AG Mathematische Physik, Albert Much (Uni Leipzig): Semiclassical Einstein Equations from QFT via modular theory

Albert Much (Uni Leipzig)

Semiclassical Einstein Equations from QFT via modular theory

Abstract: Jacobson showed that the Einstein equations follow from the
thermodynamic relation δQ = T δS, where Q is the heat flux, T the
temperature and S the entropy, applied to local Rindler horizons, using
quantum field theoretic input such as the Unruh effect.
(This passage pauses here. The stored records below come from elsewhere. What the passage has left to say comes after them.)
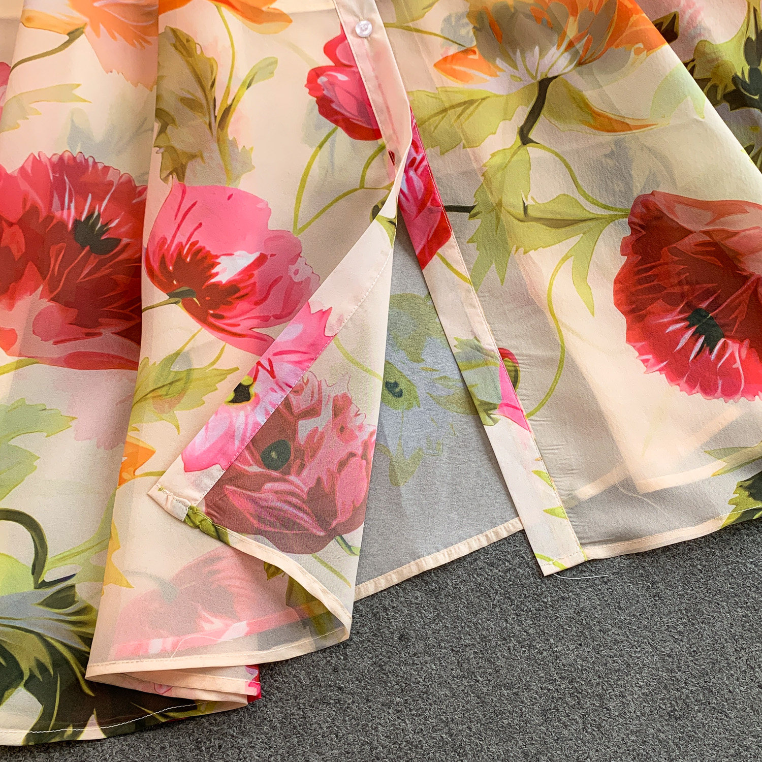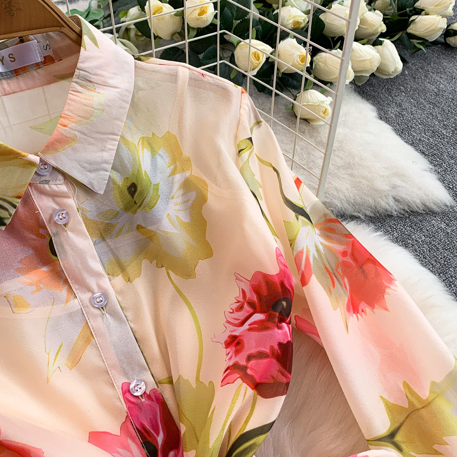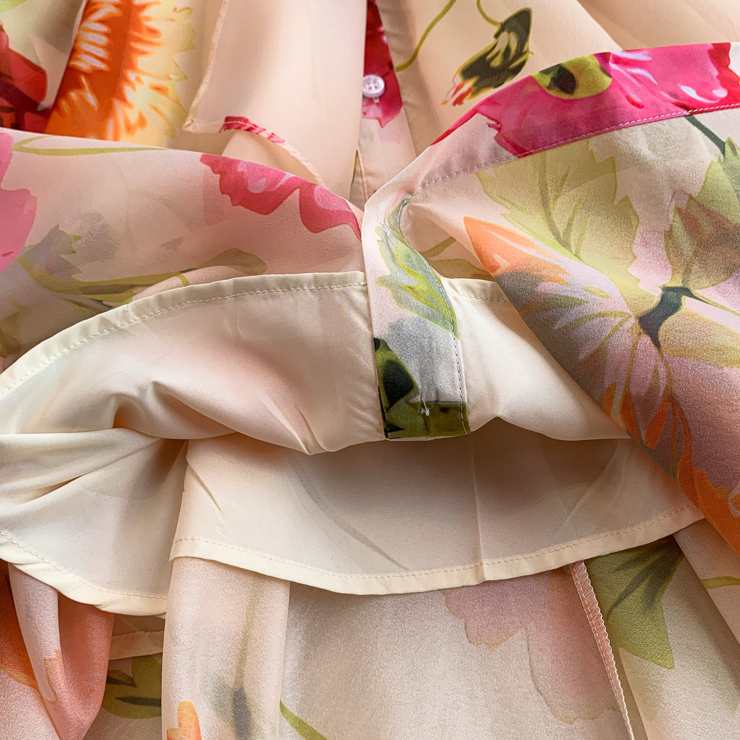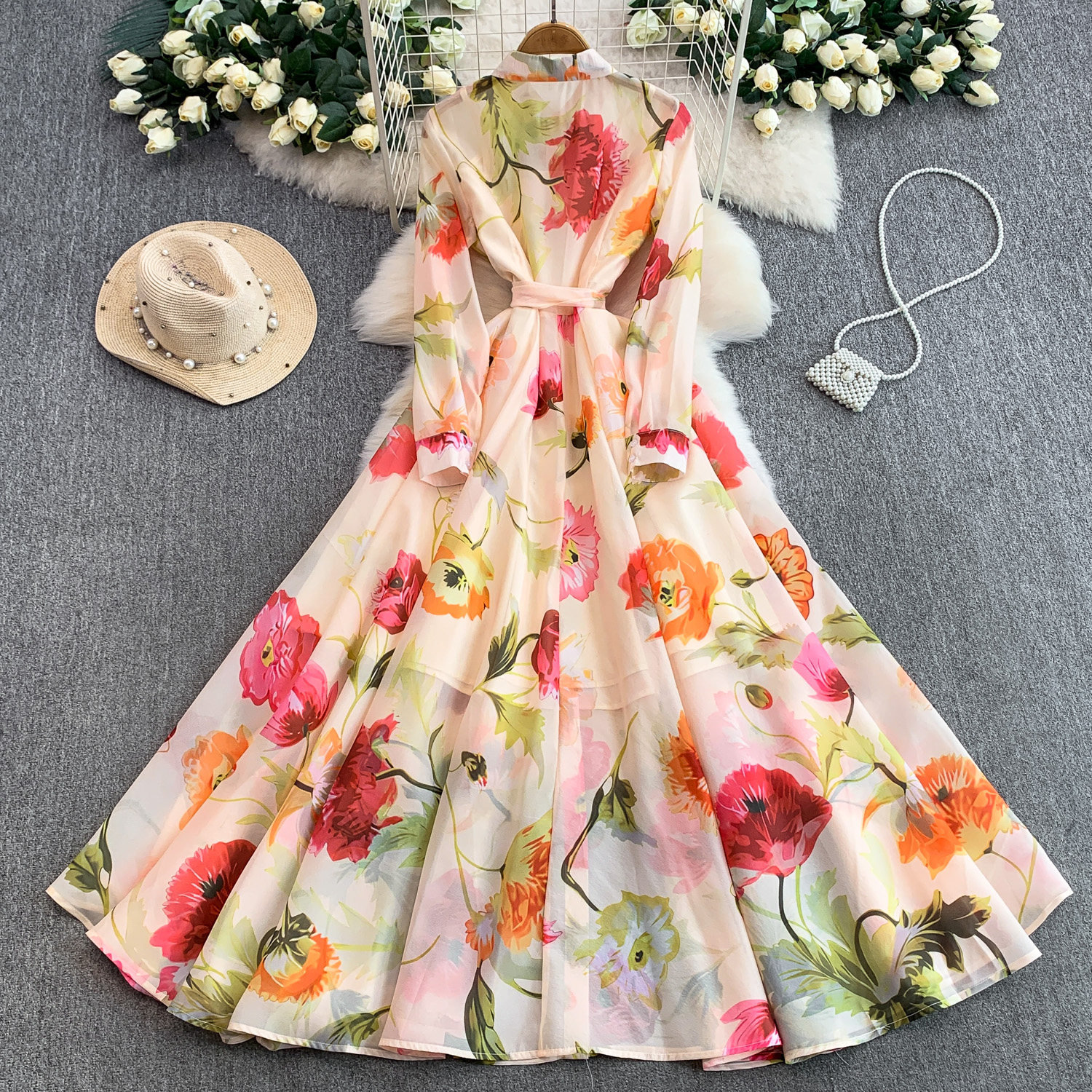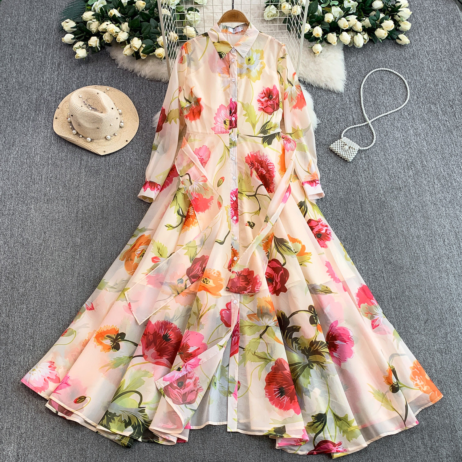 【ワンピース】長袖 花柄ワンピース 襟付き ウエストリボン フレアロング アシンメトリー 着痩せ エレガント リゾートワンピ【SHシリーズ】
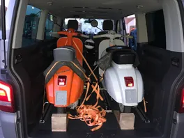 Dann Fahrt aufs Land zu einem Autohändler; der Seniorchef sammelt und handelt als Hobby mit alten Rollern. Netter Kontakt. Bekommt die Roller angeblich von einem ihm gut bekannten Restaurator in Südtirol. Beide Roller mit §21 und italienischen Papieren.
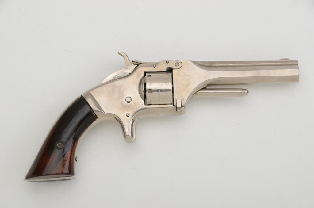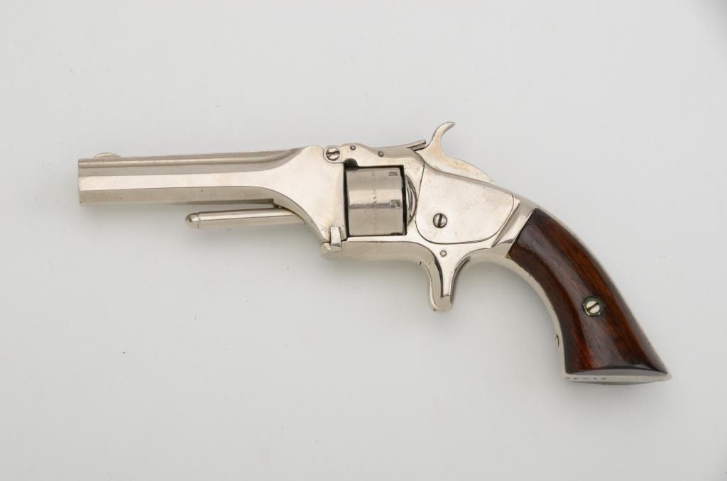 Smith & Wesson Model 1 2nd Issue spur trigger tip-up revolver, .22 cal., 3-1/4” barrel, rosewood grips, #51042. This gun is in overall good condition showing an old re-nickel finish, good action and markings,dark bore, very good grips. Est.: $300-$600.

This raises the
question of whether gravity can be derived entirely within quantum field
theory (QFT).

In this talk, I present a QFT-based extension of Jacobson’s argument
formulated in terms of relative entropy, a well-defined and finite
entropic quantity for local algebras in QFT. Approximating small
spacetime regions by Minkowski space, we compute the relative entropy
between the vacuum and coherent excitations of a Klein-Gordon field on a
local Rindler horizon using modular theory. The resulting expression is
governed by the stress-energy tensor and encodes the energy flux across
the horizon. Identifying the variation of relative entropy with the area
variation of the horizon then reproduces the semiclassical Einstein
equations, providing a quantum-information-theoretic perspective on
gravitational dynamics.

This talk is based on joint work with Philipp Dorau (published in Phys.
Rev. Lett. 136, 091602 (2026), https://arxiv.org/abs/2510.24491).